Peruvian officials earlier Saturday restored the flow of water to the Japanese ambassador's home while the rebel commander offered hope that more captives would be freed.

Speaking live on walkie-talkie from the occupied residence to Peruvian television, a man identified as Nestor Cerpa Cartolini said Saturday he would continue gradually to free captives who are not officials of the Peruvian government. He did not reveal the time frame.

"I want to repeat that the gentlemen who are the great majority and have no connection with the government will be released by degrees," said Cerpa Cartolini. He told listeners he understood the anguish of hostages' families, but called for understanding.

Cerpa Cartolini also said he will consider laying down arms and joining the political process.

His comments were reported shortly after officials restored utilities to the occupied residence. The city restored the electricity for several hours, but later Saturday again cut the power off.

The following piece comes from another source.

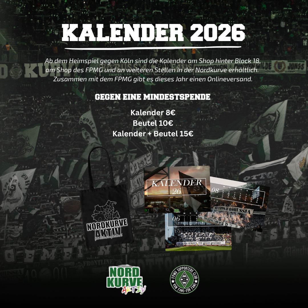 Für das Jahr 2026 bieten wir ab Samstag vor Ort, und auch online, wieder einen Kalender und einen Beutel in Zusammenarbeit mit Nordkurve Aktiv an. Der Erlös geht komplett in die Spendenkasse. Der Kalender ist gegen eine Mindestspende von 8 Euro, der Beutel für 10 Euro, oder beides zusammen für 15 Euro am Stand hinter Block 18, im FPMG Infostand und dem FPMG Shop im FanHaus erhältlich. Dazu kann er nun auch online mit Versand in unserem Shop bestellt werden: Hier geht es zum Shop Bestellbar bis zum 01.12.25 und Zustellung im Laufe des Dezembers.

Hostages, held at gunpoint in the elegant house since Tuesday, have been living in crowded, squalid conditions. And the move to restore utilities came amid growing concern about the health of the hostages.

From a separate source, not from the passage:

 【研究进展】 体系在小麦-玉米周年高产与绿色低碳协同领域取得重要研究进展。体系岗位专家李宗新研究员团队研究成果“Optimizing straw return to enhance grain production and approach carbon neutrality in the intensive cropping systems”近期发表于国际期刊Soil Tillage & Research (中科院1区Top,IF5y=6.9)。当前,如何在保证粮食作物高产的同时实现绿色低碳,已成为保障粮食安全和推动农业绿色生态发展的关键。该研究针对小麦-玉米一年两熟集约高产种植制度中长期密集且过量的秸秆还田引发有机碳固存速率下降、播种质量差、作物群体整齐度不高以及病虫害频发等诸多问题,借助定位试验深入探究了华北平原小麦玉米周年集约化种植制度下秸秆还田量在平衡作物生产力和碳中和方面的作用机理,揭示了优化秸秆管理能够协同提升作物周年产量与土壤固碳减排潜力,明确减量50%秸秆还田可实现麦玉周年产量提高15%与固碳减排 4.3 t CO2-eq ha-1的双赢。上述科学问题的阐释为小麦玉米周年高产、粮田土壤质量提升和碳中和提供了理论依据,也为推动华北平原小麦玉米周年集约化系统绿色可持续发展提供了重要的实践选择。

"There could be an outbreak...of cholera and diarrhea because of the lack of water," Peruvian Medical Federation president Max Cardenas said Saturday outside the besieged residence.

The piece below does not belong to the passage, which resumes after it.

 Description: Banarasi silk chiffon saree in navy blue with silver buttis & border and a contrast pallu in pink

The Red Cross has delivered basic supplies for several days, and Saturday began sending playing cards, chess sets and dominoes to help the hostages pass the time.

The crisis began when about 20 members of a leftist group seized the residence of Japan's ambassador to Peru during a party Tuesday night.

About 340 hostages are being held, and the Tupac Amaru rebel leaders have threatened to kill them unless officials release hundreds of their imprisoned confederates.

Peru's 'most-wanted' man is in charge

Recently freed hostages said the leader of the leftist Tupac Amaru terrorists holding the hostages is one of Peru's most wanted and dangerous men: Nestor Cerpa Cartolini.

Cerpa Cartolini is a co-founder of the Tupac Amaru movement who was jailed in the late 1970s for involvement in the bloody takeover of a textile factory in which three policemen were killed.

He is also credited with a dramatic 1990 tunnel escape that freed Tupac Amaru leader Victor Polay and nearly 50 other comrades from one of Peru's maximum security prisons. Polay was recaptured two years later, but Cerpa Cartolini has remained at large even as Peruvian authorities congratulated themselves for having contained the terrorist threat.

"There is absolutely no doubt that it is Cerpa Cartolini who has directed and is directing this operation," said Manuel Romero, editor of Peru's leading business newspaper, who was released with 37 other hostages Friday.

"We're not talking about just anyone," said Javier Diez Canseco, another former hostage. "If this leader has placed himself in the lion's den it's because he's going for broke."

Unlike the other leader of the Tupac Amaru movement who has middle-class origins, Cerpa Cartolini is from a working-class background and is considered a ruthless man of action.

Correspondent Lucia Newman and Reuters contributed to this report.